# Repair / Servicing Habistat stats



## Whosthedaddy2 (Oct 24, 2016)

Any one sent them off for repair / service?

Some of my Habistate dimming / pulse stats have been temperamental over time with sometimes being hit and miss as to whether they are actually working? My pulse stat has 'turned' itself off and lost temps until a gentle tap to the knob before springing back into life as turning the temp up or down had done nothing? With this happening 4 times in as many weeks I've gone out and bought an iStat compact to try.

They are all used or second hand from trades and sales.

Obviously it'd be cheaper than lobbing them out and always handy to have a spare or back up.


----------



## Arcadiajohn (Jan 30, 2011)

Habistat off a full repair service for a fiver I hear.

Post them off, they come back good as new


----------



## ian14 (Jan 2, 2008)

Arcadiajohn said:


> Habistat off a full repair service for a fiver I hear.
> 
> Post them off, they come back good as new


I was under the impression that they provide a lifetime guarantee, so they shouldn't be charging to repair a faulty item.


----------



## dcap (Sep 3, 2011)

> They are all used or second hand from trades and sales.
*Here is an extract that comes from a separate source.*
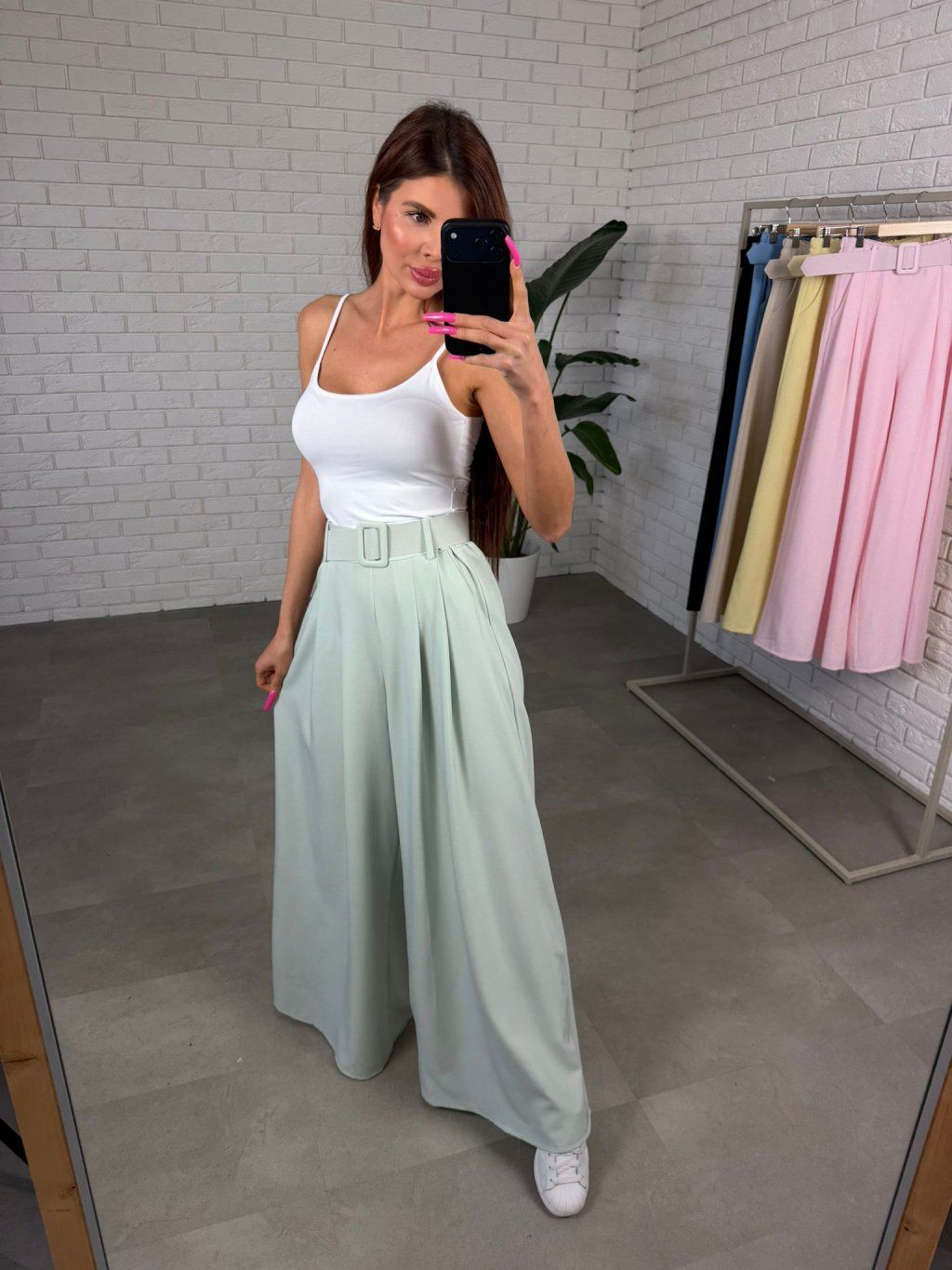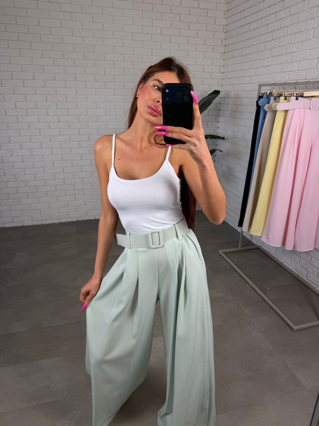 Vysoký pás spolu s opaskom v rovnakom materiáli a farbe vytvára peknú líniu v páse a umožňuje prispôsobiť nohavice presne podľa postavy. Po bokoch sa nachádzajú praktické vrecká, ktoré oceníš pri bežnom nosení.

The box I have here says "5 year guarantee"

But since the ones you have are used they may already be over 5 years old?


----------



## crazysnakeguy (Jun 9, 2008)

*£5 repair?*



Arcadiajohn said:


> Habistat off a full repair service for a fiver I hear.
> 
> Post them off, they come back good as new



Where did you here this?


----------



## Arcadiajohn (Jan 30, 2011)

I know them very well, we show together. 

The fiver covers postage.


----------



## Zincubus (Sep 6, 2010)

In my experience , both MicroClimate and Habistat BOTH have incredible and very cheap repair services ...


Sent from my iPad using Tapatalk


----------



## Zincubus (Sep 6, 2010)

Sooooooo

Any ideas on this problem !?

I've just set up a new Viv and dug out a spare Habistat stat to regulate the heat mat . It's a few years old but it doesn't seem to be working .. It's a Habistat Living Earth mat stat Max 100W 

The RED 'power' bulb is on but the GREEN 'heat' bulb doesn't seem to be working correctly . I've just tested it using extreme levels so I set it at maximum heat 34C/92F , had the probe on the floor and no green light , I then out a bag of frozen peas over the probe just hoping to "spark" it into action - nothing !

Oddly enough , when I unplug then out then put the mains plug back in the red light stays on and the green light flashes on for a split second - meaning the bulbs are both working ..


Any ideas peeps ?!?


----------



## Shellsfeathers&fur (Jan 18, 2009)

Zincubus said:


> Sooooooo
> 
> Any ideas on this problem !?
> 
> ...


Sorry, no, but for a fiver and your postage to them, someone should be able to tell you!


----------



## Zincubus (Sep 6, 2010)

Stephen P said:


> Sorry, no, but for a fiver and your postage to them, someone should be able to tell you!




Sent it off the old Habistat a few days ago with a fiver ...
No receipt of purchase ..


Got a brand new thermostat this morning !




Sent from my iPad using Tapatalk


----------